Could you return, exactly as written, every line from the one containing "ArtyA 看到的東西。我想隨著 Arpa" through the last line of the entries below, leaving out the pictures?
** Opening Data extract block **
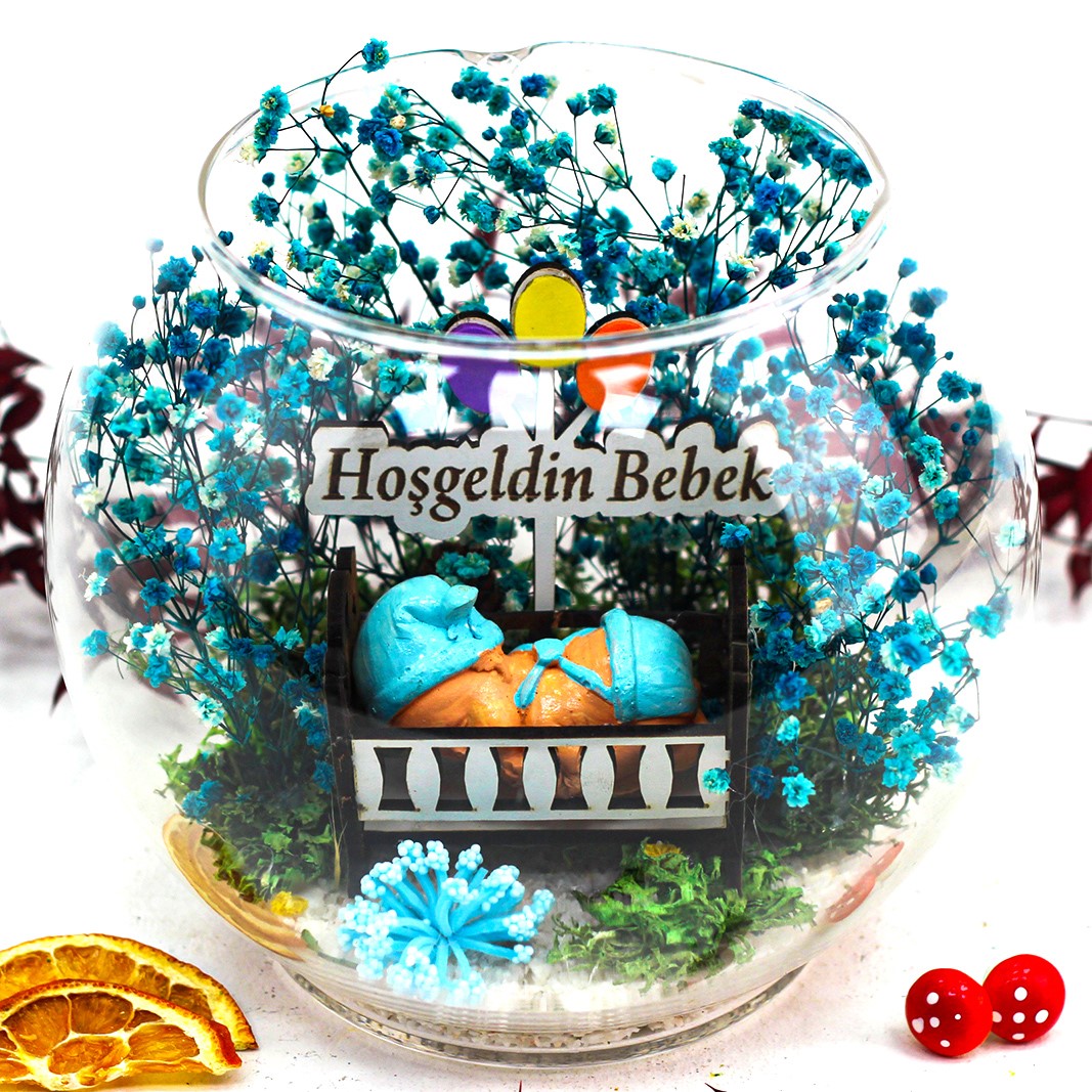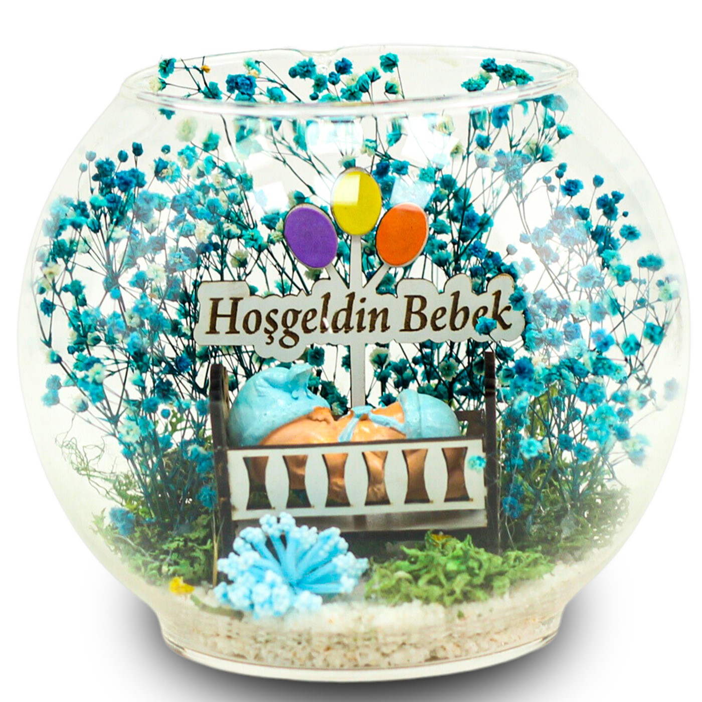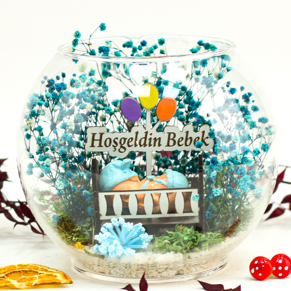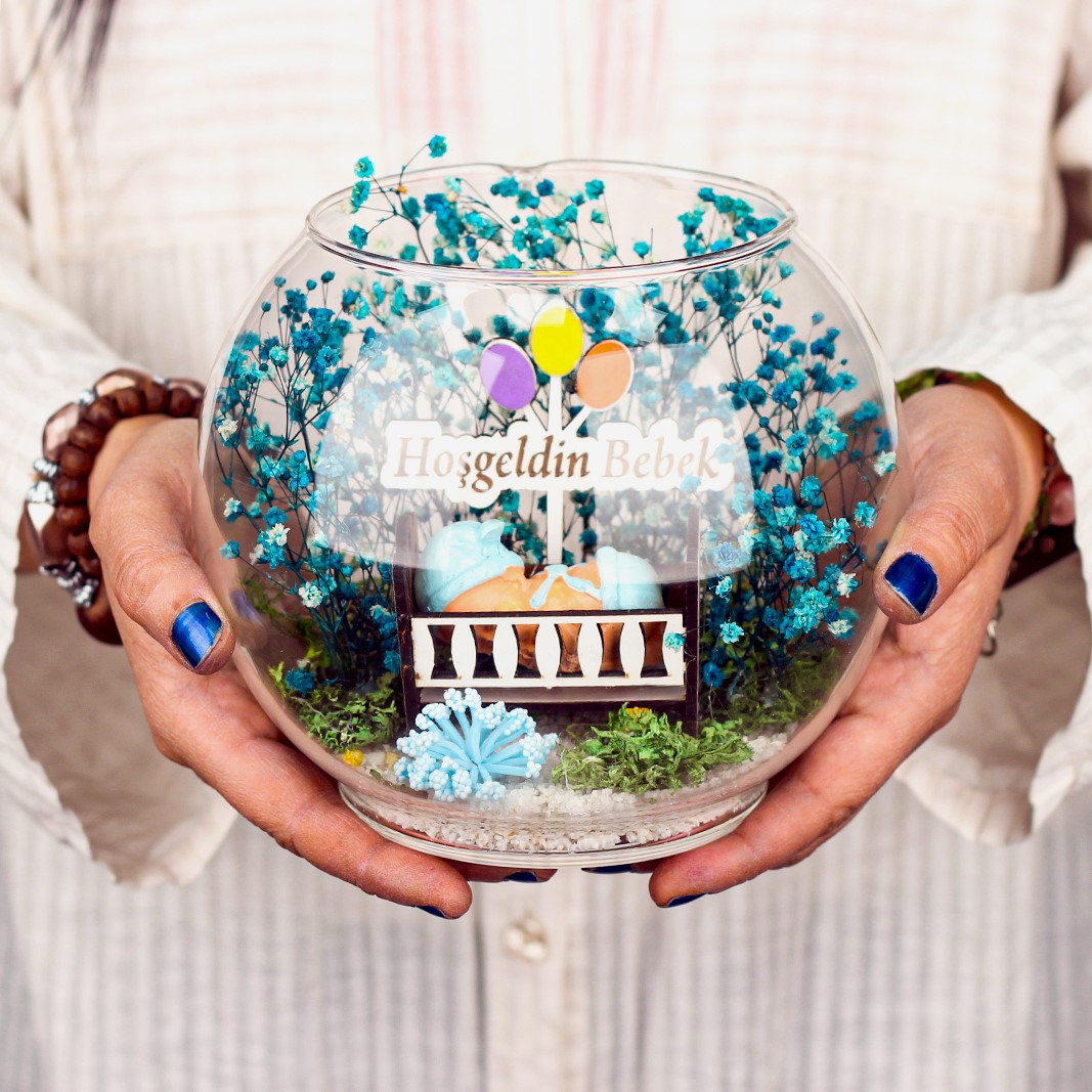 Yeni doğan hediyesi ,yeni bebek hediyesi,teraryum, sevdikleriniz için,güzel bir seçim yapabileceğiniz,anlamlı sadece teraryum değil sizlerin değerli duygularını içerdiği bir hediye...</p> <p>Cam fanus içinde yenidoğan bebek için hazırlanmış modelimizde;ürünümüz,şoklanmış cipso ve şoklanmış yosunla beraber,taş,kozalak,kuru ağaç kabuğu kullanılarak elde hazırlanmıştır. Bebek biblosu,1 adet beşik, 1 adet hoşgeldin bebek panosu kullanılmıştır. 2 farklı şekilde yanan peri led ışıklandırma ile renklendirilmiştir.</p> <p>Her biri kendine özgü bir tasarım olup, son derece temiz ve titiz çalışılmaktadır.</p> <p>Ürünlerimizde doğal malzemeler kullanıldığı için renkler stok durumuna göre -çok nadir- değişiklik gösterebilir.</p> <p>Ürün Ölçüleri: En:18cm Boy:18cm'dir.<
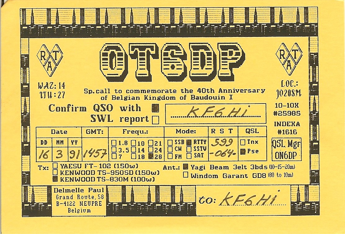 ON7GB | 1992-10-25 | 16:10 | SSB | Y | Y | Y | Y |
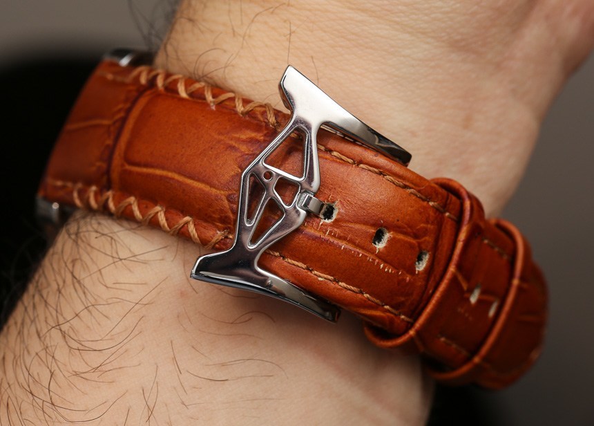 旋轉的“圓柱體”被應用到表盤上,就像將自動轉子設置在一圈滾珠軸承上一樣,而應用的子彈頭產生失重以使其旋轉。在滾珠軸承組件的中間是設置時針和分針的地方——再次使用了新的東西。在這里你有全新的和相當經典的手,這也是我不希望從 ArtyA 看到的東西。我想隨著 Arpa 的成熟,他會變得更加傳統……一個很酷的細節讓整個設計回歸到它的滾動精神是表帶扣的樣式,以及表帶上的十字交叉縫線。
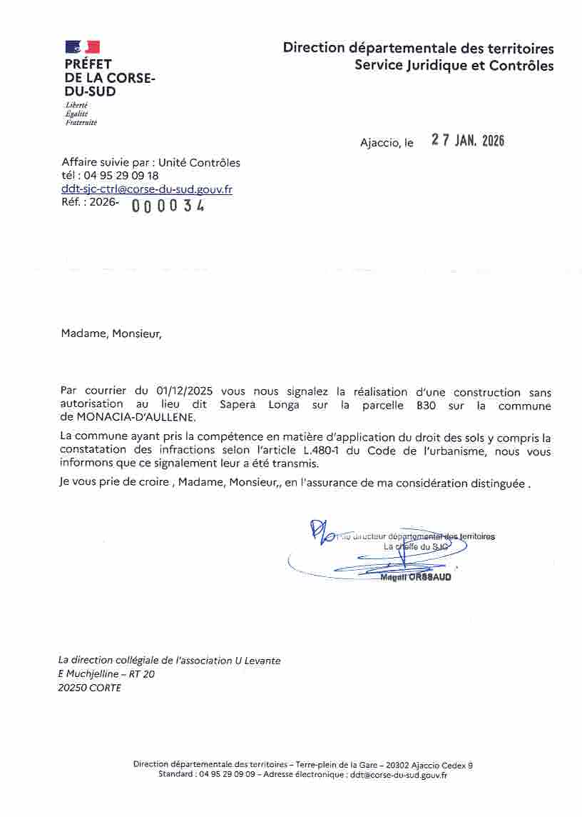 - Saisie par l’association, la DDT a renvoyé la responsabilité d’interruption des travaux au maire de Monacia d’Auddè (cf. lettre en pj).
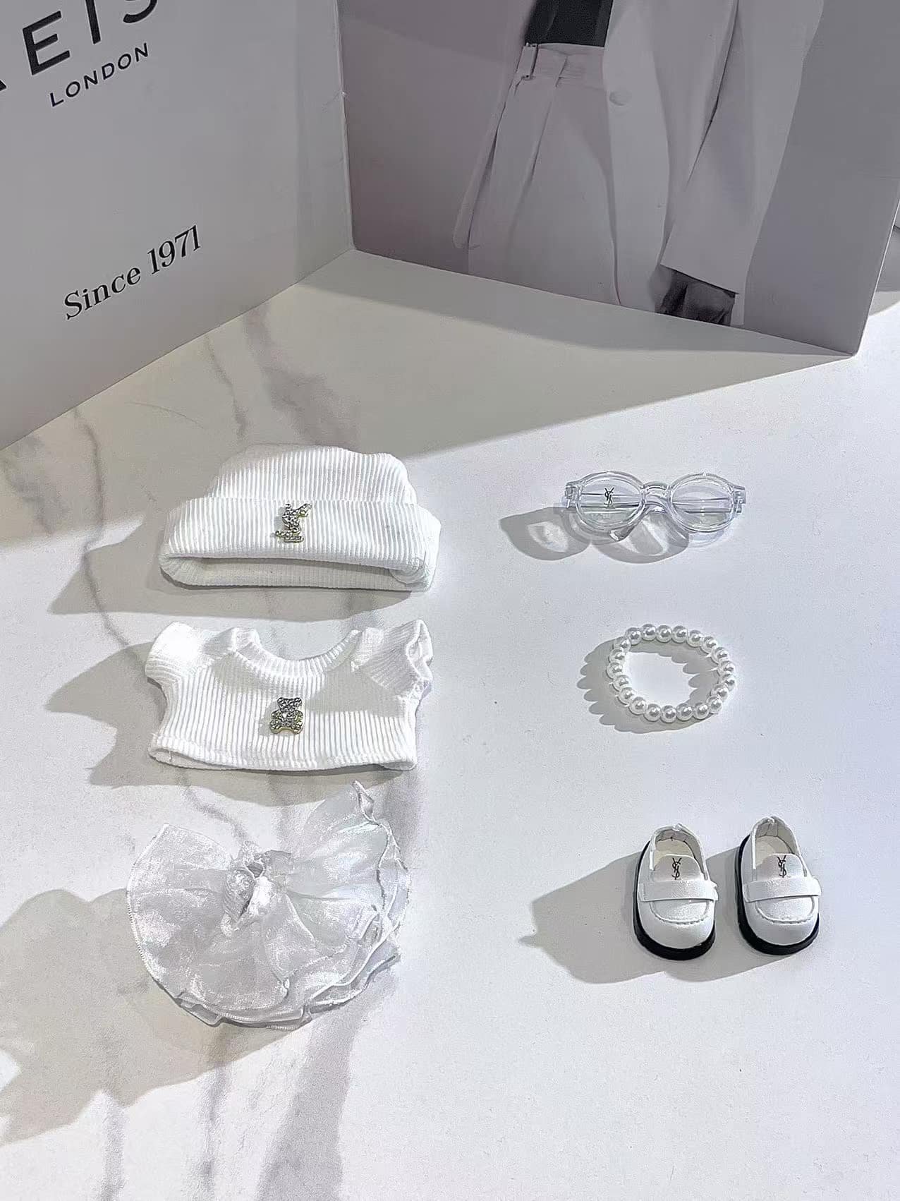 💫The suit includes 1 white top + dress + knit cap + shoes + glasses + necklace
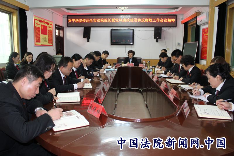 中国法院新闻讯(李军委)3月18日上午,兴平法院召开中层以上干警及员额法官会议,传达全市法院院长暨党风廉政建设和反腐败工作会议精神,对全院近期各项工作再安排、再部署。魏小宁院长主持了会议。
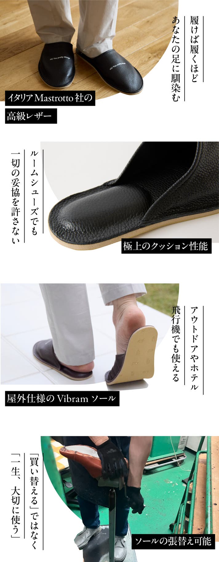 日常から「本物の心地良さ」を体感していただくのはもちろん、革を自分仕様に育ててゆく喜びもお愉しみいただけます。ソールのリペアにも対応しているので、あなた仕様のルームシューズを直しながら一生使い続けることも可能。サステナブルな社会貢献にもつながることでしょう。
** Closing Data extract block **
> _Result for this exercise_
 旋轉的“圓柱體”被應用到表盤上,就像將自動轉子設置在一圈滾珠軸承上一樣,而應用的子彈頭產生失重以使其旋轉。在滾珠軸承組件的中間是設置時針和分針的地方——再次使用了新的東西。在這里你有全新的和相當經典的手,這也是我不希望從 ArtyA 看到的東西。我想隨著 Arpa 的成熟,他會變得更加傳統……一個很酷的細節讓整個設計回歸到它的滾動精神是表帶扣的樣式,以及表帶上的十字交叉縫線。
 - Saisie par l’association, la DDT a renvoyé la responsabilité d’interruption des travaux au maire de Monacia d’Auddè (cf. lettre en pj).
 💫The suit includes 1 white top + dress + knit cap + shoes + glasses + necklace
 中国法院新闻讯(李军委)3月18日上午,兴平法院召开中层以上干警及员额法官会议,传达全市法院院长暨党风廉政建设和反腐败工作会议精神,对全院近期各项工作再安排、再部署。魏小宁院长主持了会议。
 日常から「本物の心地良さ」を体感していただくのはもちろん、革を自分仕様に育ててゆく喜びもお愉しみいただけます。ソールのリペアにも対応しているので、あなた仕様のルームシューズを直しながら一生使い続けることも可能。サステナブルな社会貢献にもつながることでしょう。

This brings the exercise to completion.